Certo, passo fondamentale, ma diventerebbe decisivo se
anche le cosiddette Authority (la Vigilanza nella
fattispecie) dei mercati finanziari di tutto il mondo si
decidessero a fare una seria opera di prevenzione.
Significative, in merito, le dichiarazioni rilasciate
non appena la bolla dei subprime è scoppiata.
Si è gridato, da più parti, alla sorpresa clamorosa,
all'inaspettato, al mai successo prima. Tutto vero, ma
sino ad un certo punto.
Mario Draghi (e non solo lui), attuale Governatore della
Banca d'Italia, un paio di anni fa circa, aveva lanciato
un monito sulla pericolosità del mercato subprime.
Quelli che oggi si stupiscono dell'accaduto leggevano
"Topolino" piuttosto che pareri ed analisi dei maggior
esperti dei mercati monetari e finanziari?

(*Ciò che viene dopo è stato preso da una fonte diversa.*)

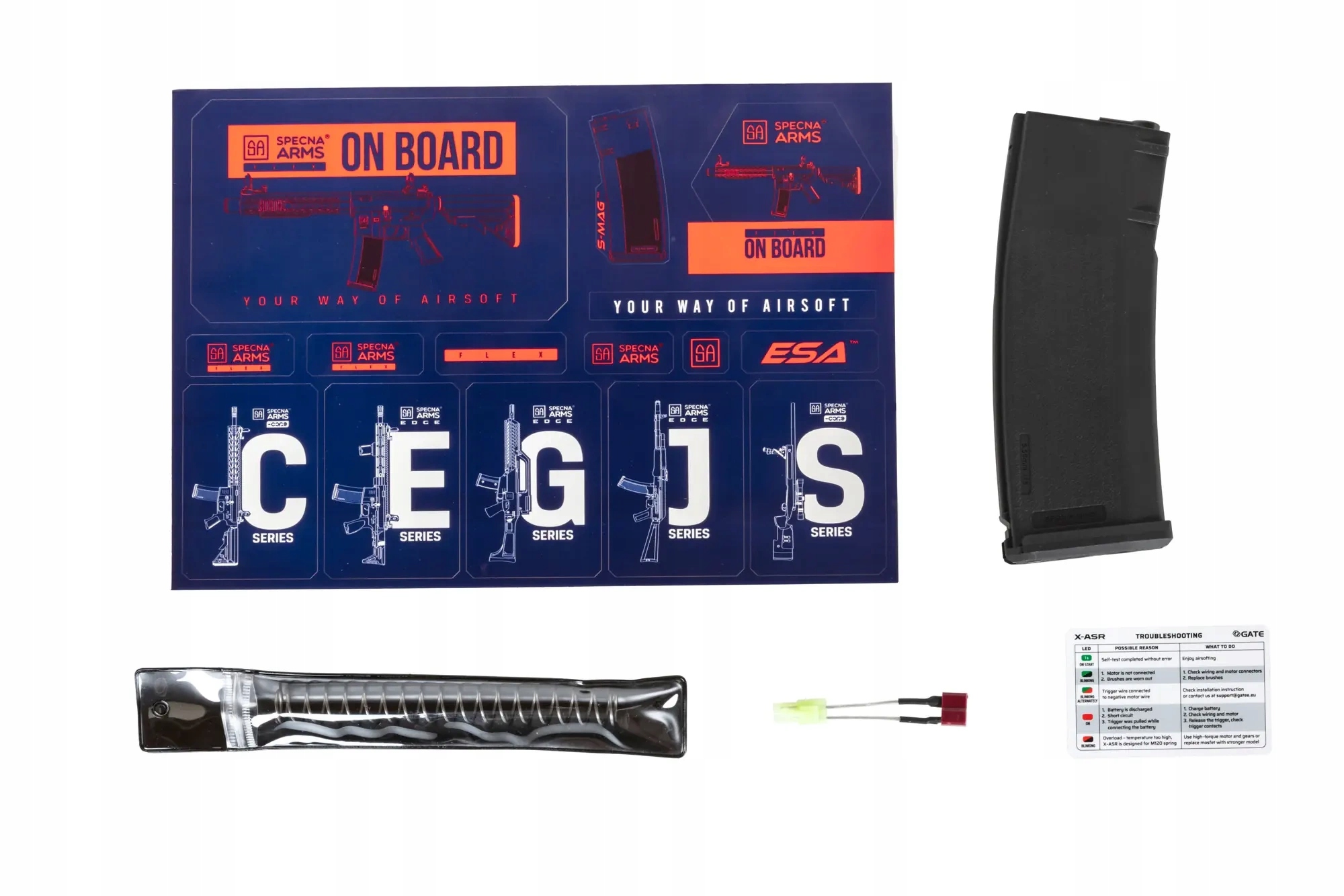 В винтовке с завода установлена система MOSFET X-ASR польского бренда GATE. Это беспрецедентное сотрудничество между польским производителем и известным производителем реплик страйкбола. MOSFET X-ASR высочайшего качества обеспечит безопасность компонентов реплики, улучшит реакцию триггера и срок службы электроники и аккумулятора, а также позволит диагностировать основные неисправности внутри реплики благодаря встроенным сигнальным диодам.

In Italia l'effetto mutui subprime è stato di scarso
rilievo.
Una volta tanto l'accusa, spesso e da più parti, rivolta
alle banche italiane di erogare credito col bilancino
del farmacista e di essere poco "aggressive" in campo
finanziario, si è trasformata in plauso.
Certo il credit crunch ha influenzato anche il
mercato finanziario italiano determinando l'anomalo
andamento del tasso di riferimento per i mutui a tasso
variabile (Euribor). Ciò spiega il gran parlare (e
spesso sparlare) della crisi delle famiglie mutuatane
che non riescono più a pagare le rate dei mutui (a tasso
variabile).
C'è tuttavia da chiedersi: se tutti i giornali (anche i
generalisti) negli anni 2004/2005 riportavano che i
tassi variabili non erano mai stati così bassi, era
difficile prevedere una loro crescita?
Indubbiamente la crisi dei subprime e la conseguente
restrizione del credito ha accelerato il rialzo dei
tassi ma non ha determinato lo stesso che comunque
ci sarebbe stato. A tutt'oggi (12/2007) l'effetto degli
interventi delle Banche Centrali sembrano dare esiti
positivi, ma è ancora presto per avere un quadro
d'insieme meno nebuloso.
Ci vorrà ancora del tempo per superare l'attuale
crisi finanziaria, dicono gli esperti, un anno forse
due; noi, che esperti non siamo, preferiamo riferirci al
grande Eduardo De Filippo e dire:" passerà la nottata "
come, peraltro, sono passate nottate ben più buie di
questa!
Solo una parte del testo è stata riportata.